Я кивнула и закусила губу. Казалось, этот факт его вовсе не радует.
Том глянул ему за спину:
– А где Ивонн?
– Она разговаривает с родителями Джессики. Думаю, скоро тоже придет.
Я так увлеклась размышлениями о том, как ему помочь, и даже не подумала, что он, возможно, не захочет от меня никакой помощи.
– Как Джессика? – спросила я.
– Спит, – коротко ответил он.
Только тут я поняла, какой глупый вопрос задала. Я потупилась.
– Но думаю, она более или менее в порядке, – неожиданно добавил Элиас.
– А ты? Ты-то как? – спросила я.
Его бирюзовые глаза затуманились. Они казались мутными и тусклыми, словно живая искорка в них погасла. Некоторое время он смотрел на меня и в конце концов пожал плечами.
– Хочешь дождаться Ивонн? Или домой?
Он повернул голову сперва в сторону лифта, потом в сторону выхода.
– Домой, – тихо ответил он.
Я встала, натянула куртку и огляделась в поисках его верхней одежды.
– А где твоя куртка?
– В машине. – Его голос, обычно мягкий и медовый, звучал глухо.
Мы попрощались с Томом. Он согласился подождать Ивонн еще пару минут и пожелал нам благополучно добраться до дома. Я прихватила стаканчик с остатками кофе, и мы с Элиасом направились к выходу. Он шел молча, не поднимая глаз от серого пола и не глядя на меня.
Я протянула ему кофе:
– Хочешь?
– Нет, спасибо.
Я с трудом проглотила то, что осталось на дне, и выкинула стаканчик в урну у входа. Стеклянные двери разъехались и сомкнулись, и ночной мороз стеной вырос перед нами. Элиас, не говоря ни слова, решительно зашагал в одному ему известном направлении, а я, обхватив себя руками, поспешила следом. Меня подмывало нарушить молчание, но я так и не решилась подать голос. Быть может, он просто не в силах сейчас разговаривать.

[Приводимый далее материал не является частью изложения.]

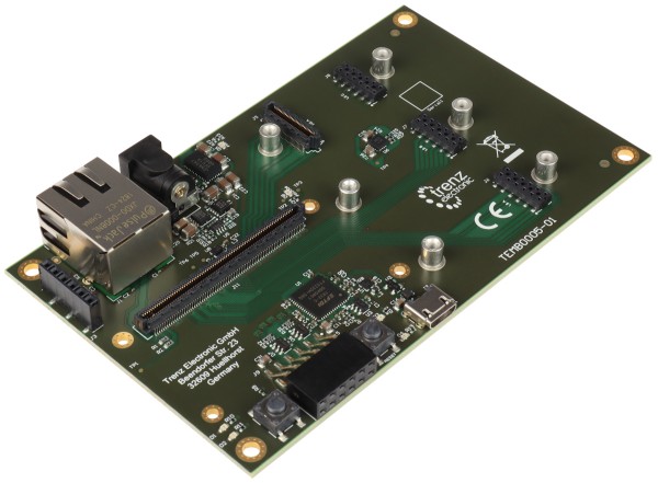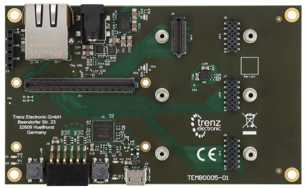 Trenz Electronic TEMB0005 は、Trenz Electronic のモジュール TEM00005 用のキャリアです。このキャリアには、LAN ソケット、FTDI JTAG/UART to USB2.0 ソリューション、低速 CRUVI B2B コネクタ 3 つと高速 CRUVI B2B コネクタ 1 つ、Pmod コネクタが装備されています。
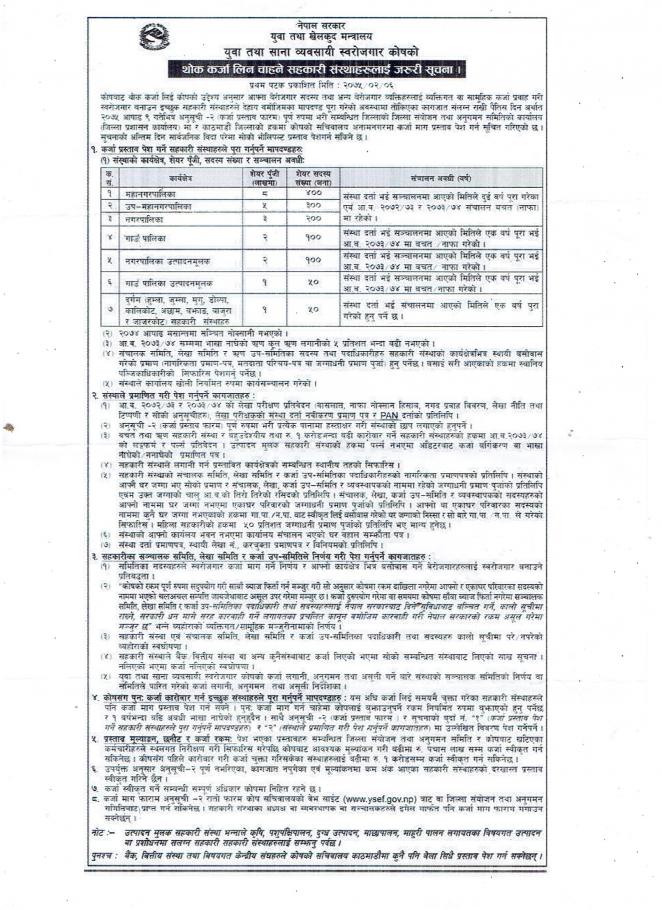 » थाेक कर्जा लिन चाहने सहकारी संस्थाहरूलार्इ जरूरी सूचना ।।।
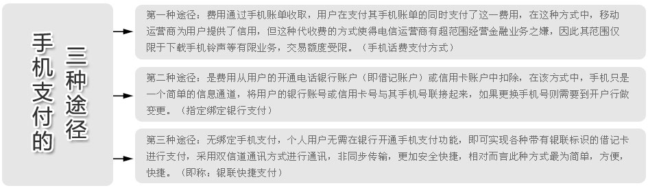 | 中國作為世界上最大的移動市場,手機用戶已經(jīng)突破了9億,有著巨大的發(fā)展?jié)摿?。不過有專家指出,全產(chǎn)業(yè)還處于初級階段,存在著付費步驟繁瑣以及安全隱患等瓶頸。如何將手機支付實質(zhì)應(yīng)用于日常的生活中已成為未來發(fā)展的重點。 | ||||
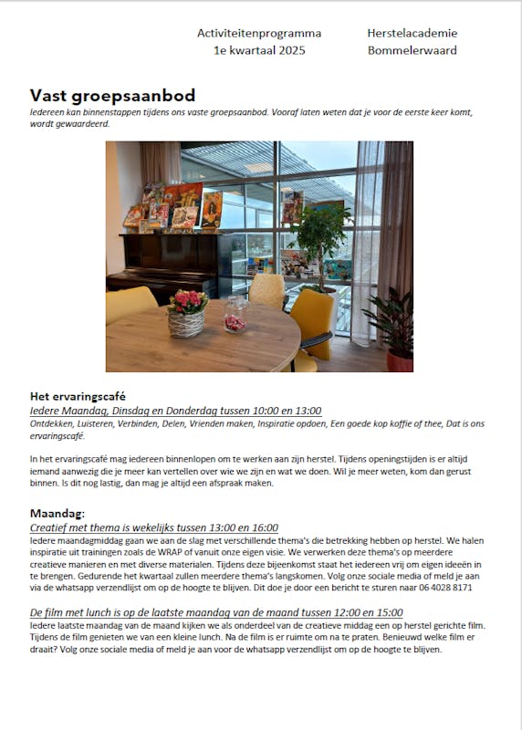 • Vaste groepsmomenten, zoals het Ervaringscafé en de creatieve middagen.
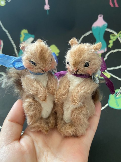 水色柄は柄生地はヴィンテージです。それにベロアピンク、水色ビロード合わせました
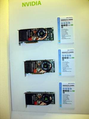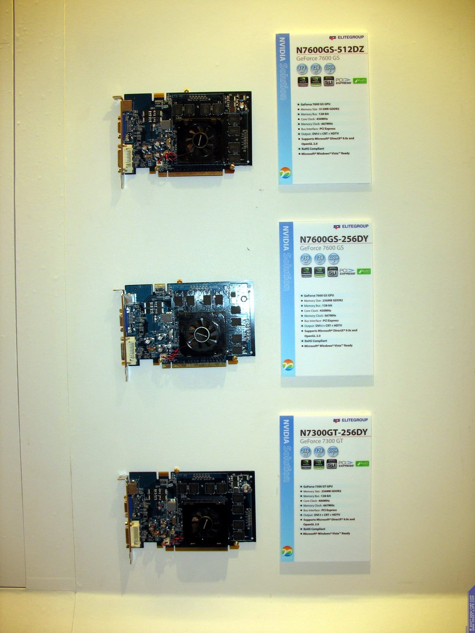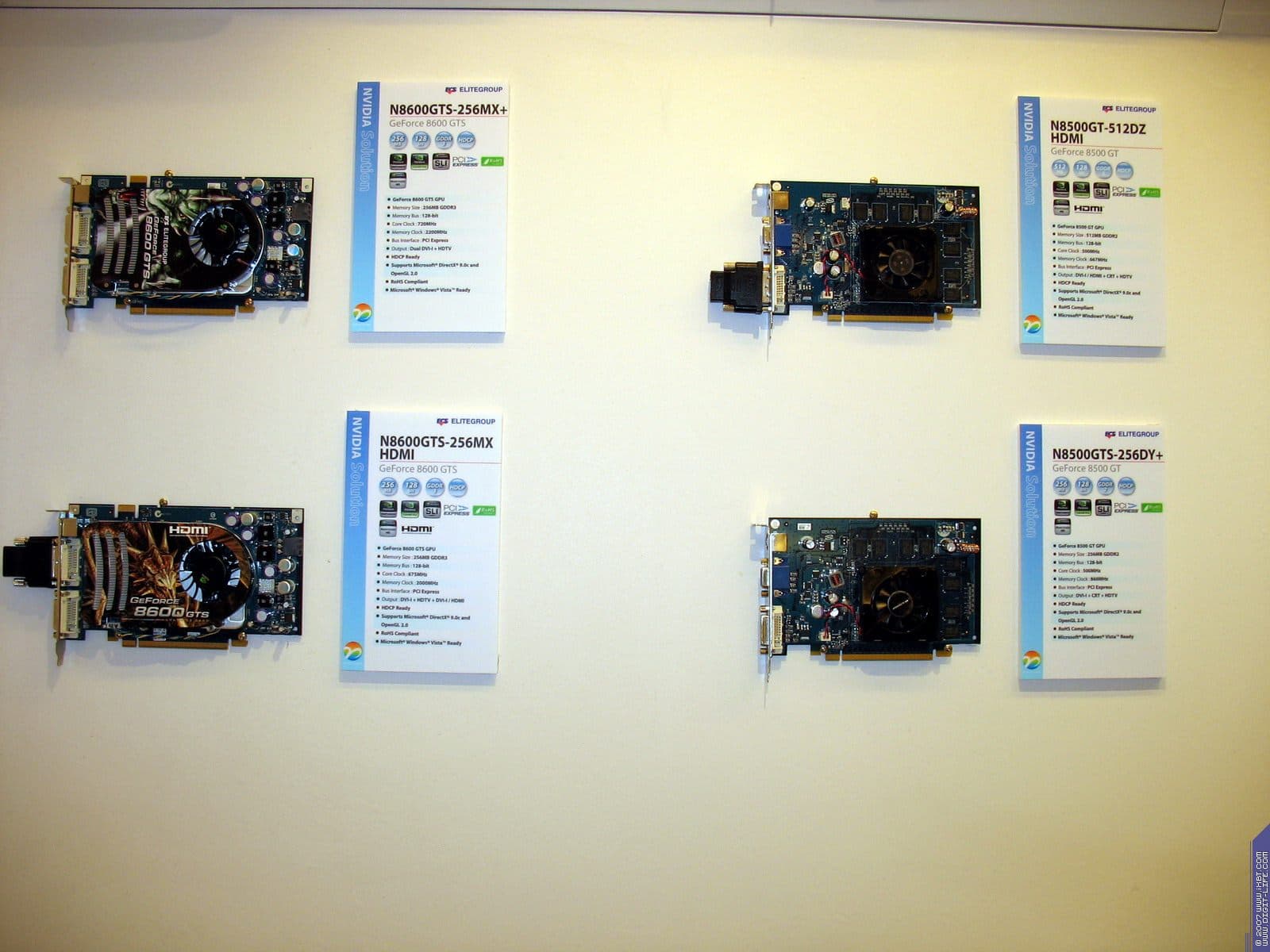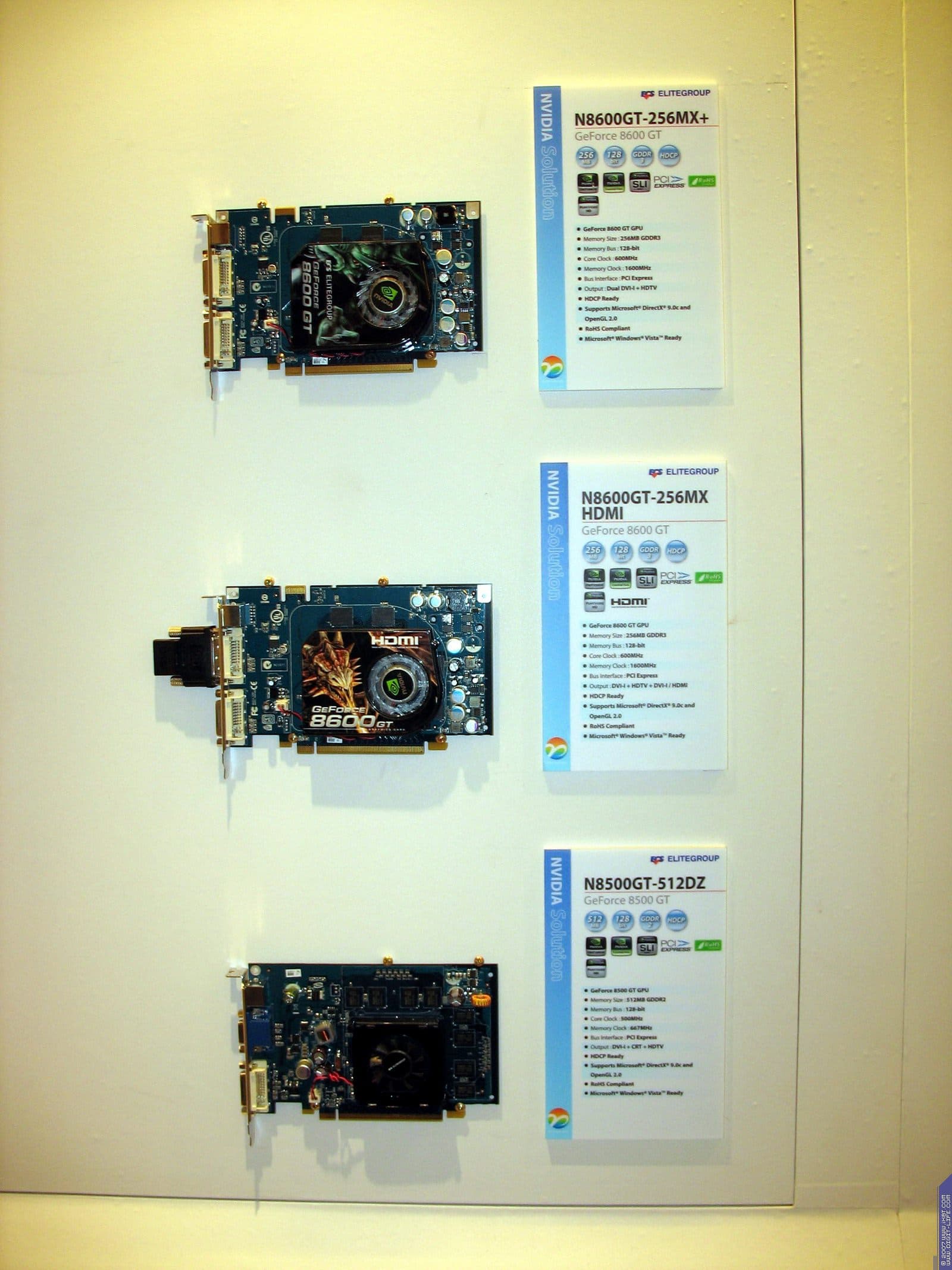 Год назад компания возобновила бизнес по выпуску видеокарт, пока они производятся на базе процессоров от NVIDIA. Представлены также практически все виды современных видеокарт на всех чипах калифорнийского производителя. Напоминаем еще раз, что Hi-End карты выпускает NVIDIA самостоятельно, и ECS, как и иные партнеры NVIDIA, покупают у последней уже готовые платы.
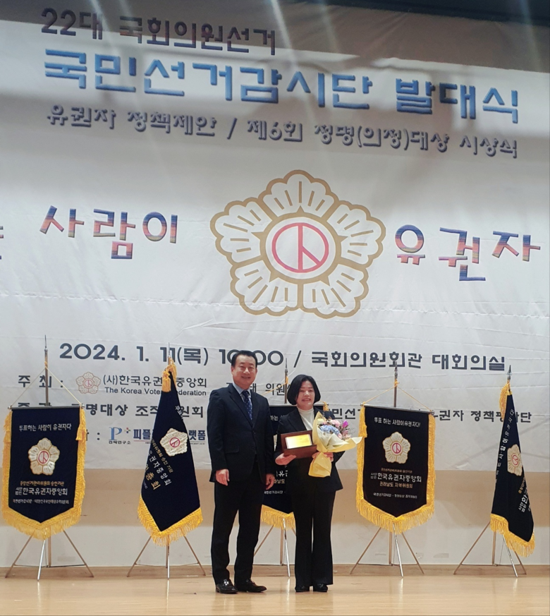 정명 의정대상은 한국유권자중앙회가 정의롭고 공정하며 밝은 세상을 위해 가장 공로가 큰 개인 또는 단체에 수여하는 상으로 국회의원, 광역·기초의원 등이 선정 대상이다.
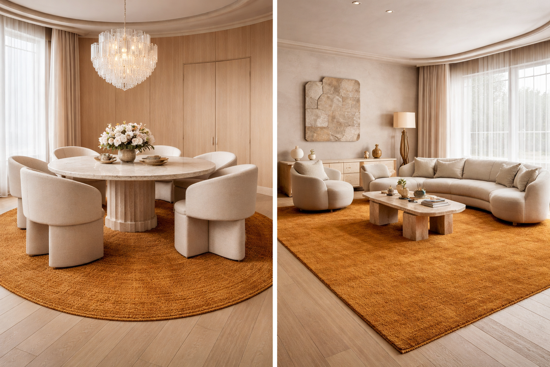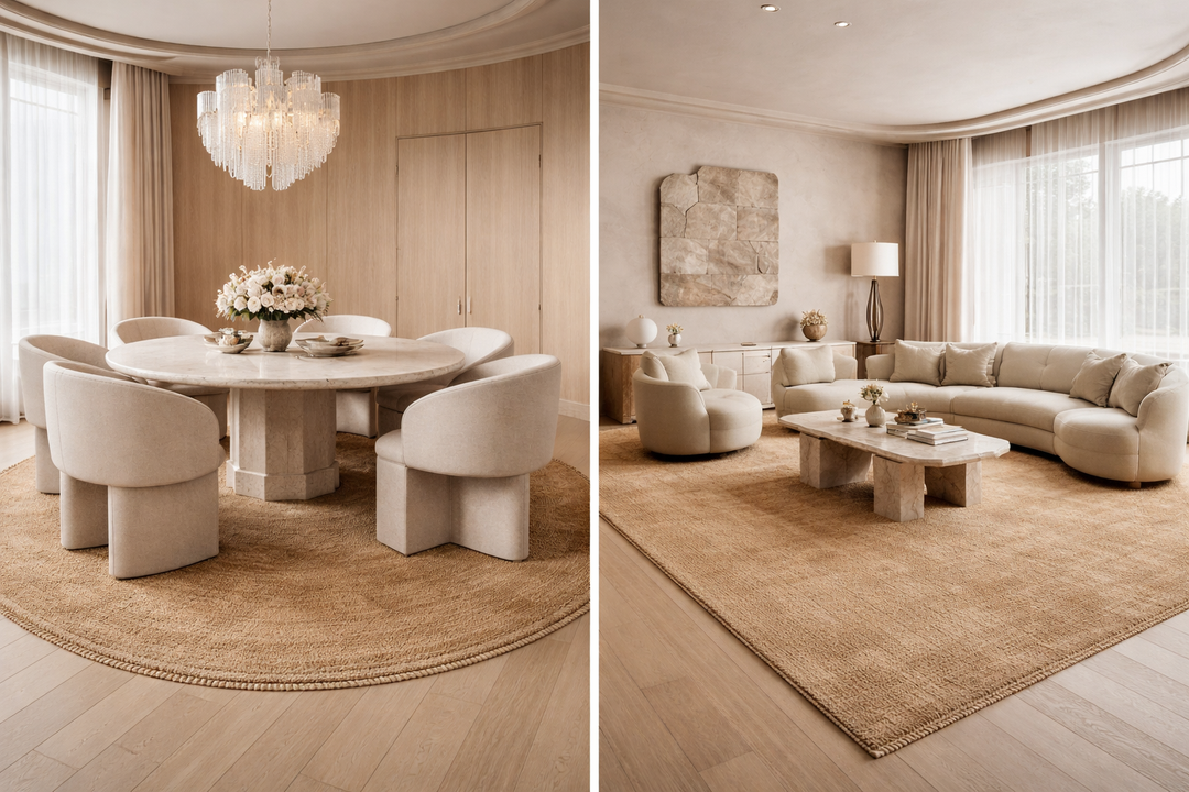 This rug has a very refined, warm, and slightly muted tone, perfect for a premium/luxury positioning. The texture also gives it a soft, hand-crafted feel
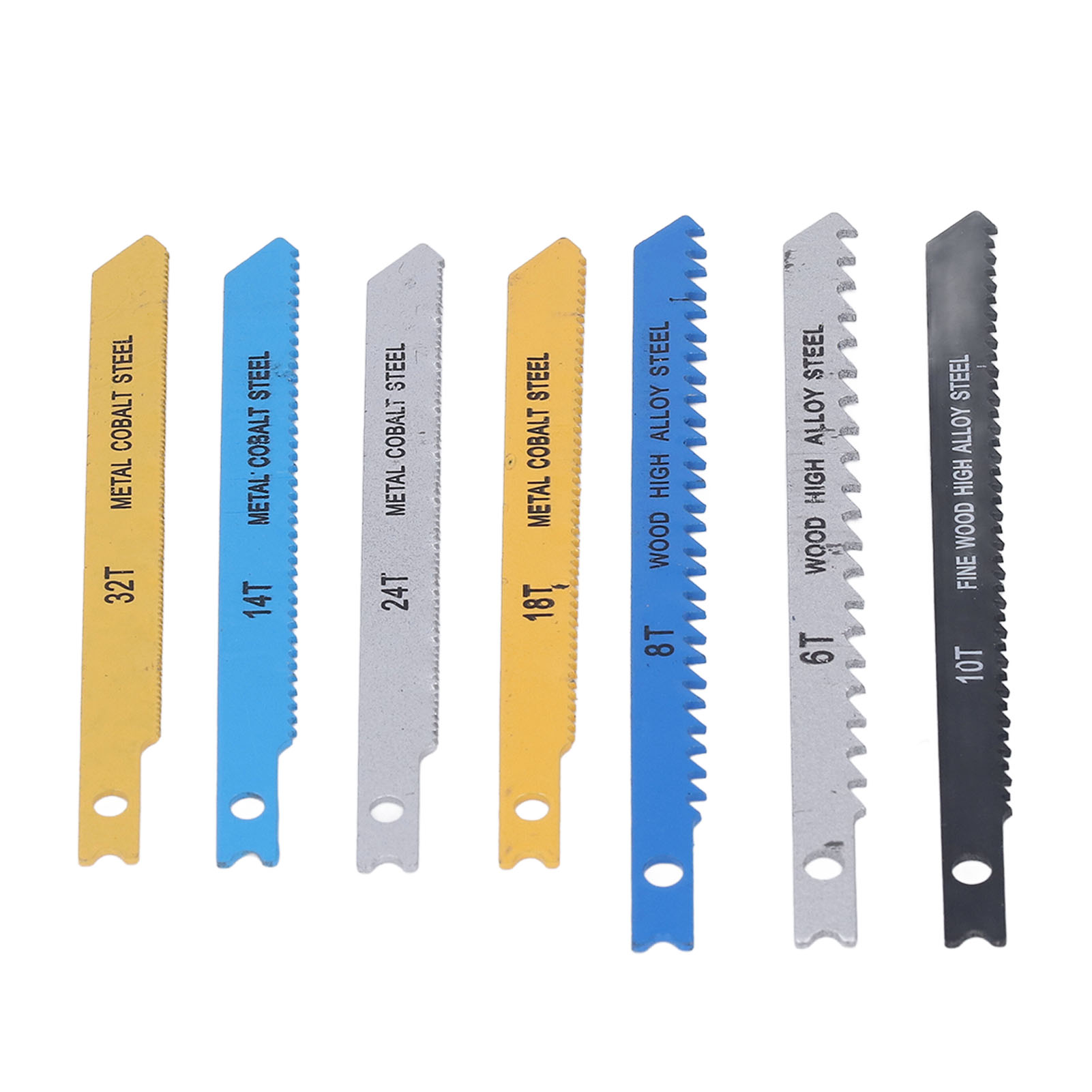 1. Набор из 70 шт.: В комплект входят 7 видов пильных полотен, соответственно 6TPI, 8TPI, 10TPI, 14TPI, 18TPI, 24TPI, 32TPI, по 10 шт. каждого для использования, достаточное количество для длительного использования.

Дойдя до машины, мы остановились.
– Я знаю, Элиас, ты не любишь оставлять машину где попало. Но мне кажется… я думаю, тебе не стоит садиться за руль. Может, лучше…
Закончить я не успела. По-прежнему не глядя на меня, Элиас молча сунул ключ мне в руку. Я посмотрела на него и вскинула брови. Элиас тем временем подошел к правой передней двери. Я отперла машину, и мы забрались внутрь. В салоне было всего на пару градусов теплее, чем на улице. Заведя мотор, я стала искать на приборной доске кнопку, чтобы включить печку. Поиски затягивались; наконец Элиас пришел мне на помощь и сам включил обогрев.
– Спасибо, – пробормотала я.
Взявшись за ледяной руль, я выехала с парковочного места и вырулила со стоянки на улицу. По дороге в больницу я смотрела в окно и сейчас примерно представляла, как ехать. Последнее, чего я хотела, – это донимать Элиаса вопросами по поводу маршрута.